青葙子放下木梳,走到青淮子跟前,她眼神从未从青淮子脸上瞥去一刻,手瞎摸着伸向妆奁,碰着了个先前没碰过的东西,糕饼大小的一个圆坨坨,上面的花样也是变着来,盖儿上有火凤凰,肚子上又是几株青葙子。
“这,这是什么?”
青淮子手快地拿过这东西,“人家送来的。”
“人家是哪个人家?人家送你的就不能叫我看了吗?”青葙子语气稍为俏皮,伸手要去夺胭脂盒,“你昨日跟着江二公子逛夜市,好晚才回来,爹娘乐坏了,却叫我以为是去逛鬼市。”她说完捂嘴咯咯笑两声,“我看这东西是江二公子送给你的。”
青淮子无二话,她被葙子扒得不剩骨头,清清冷冷的将小胭脂盒放在妆奁最下层的一方槽内,也不关门想要葙子看个彻底。
“你最好不要碰,今日我还要给它送回去。”
青葙子闻言收回目光,“送回去也好,姐姐本就生得美。”
“……”青淮子将妆奁合上,叹息:“我若是嫁过去此后就只得留在琅琊了。”
留在琅琊没什么不好,只是此处的逃兵愈发泛滥,朝廷又从年初开始制法定律追捕逃兵,这些逃兵肩膀上的朝章急需清洗。在琅琊,能清朝章的人只有青家,他们明面是救人但更是害人己,一旦被朝廷捉到马脚,九族必诛。
青淮子自幼患有肺痨,身弱不习医术,青家无男丁又不重青淮子,她便想出琅琊。

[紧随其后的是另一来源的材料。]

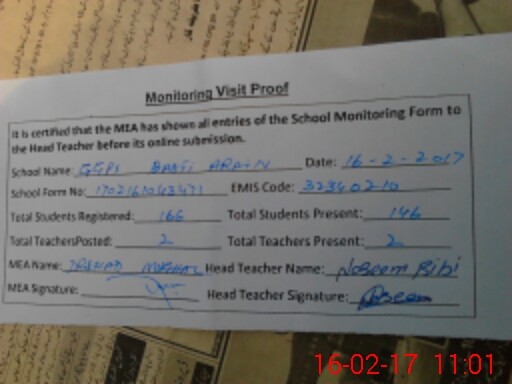 | Certified that this School was Inspected by the Undersigned MEA/DMO Today and the Information Stated Above is as Per Record. | |||||

这席话青淮子不止一次面对青葙子说,更甚是对着爹娘说,久之,白眼狼这一罪扣在了青淮子头上,青家除了青葙子无人能与她和得来,这便要她更想出琅琊。
“锁门历年有人往汴京去,你若是想走,江二公子要是对你上心就跟你一块走。”
青淮子:“要是我一个人走呢?”
青葙子为她理理鬓角:“你若是一个人能走,我便不会拦着你,可你一个人走不了,爹娘要青家打着兼济天下的旗号,我更走不了。”
“我即便是嫁给了江不论,他也还是会带我回来,何况锁门掌门现今病入膏肓,若不是你日夜往锁门送药去,他早就死了……青家贫,难道就盼着江不论带着聘礼过来换走我吗?”青淮子拿开葙子的手,这话就像是烂泥补破缸内的水,哄的全涌出,浇得青葙子精湿。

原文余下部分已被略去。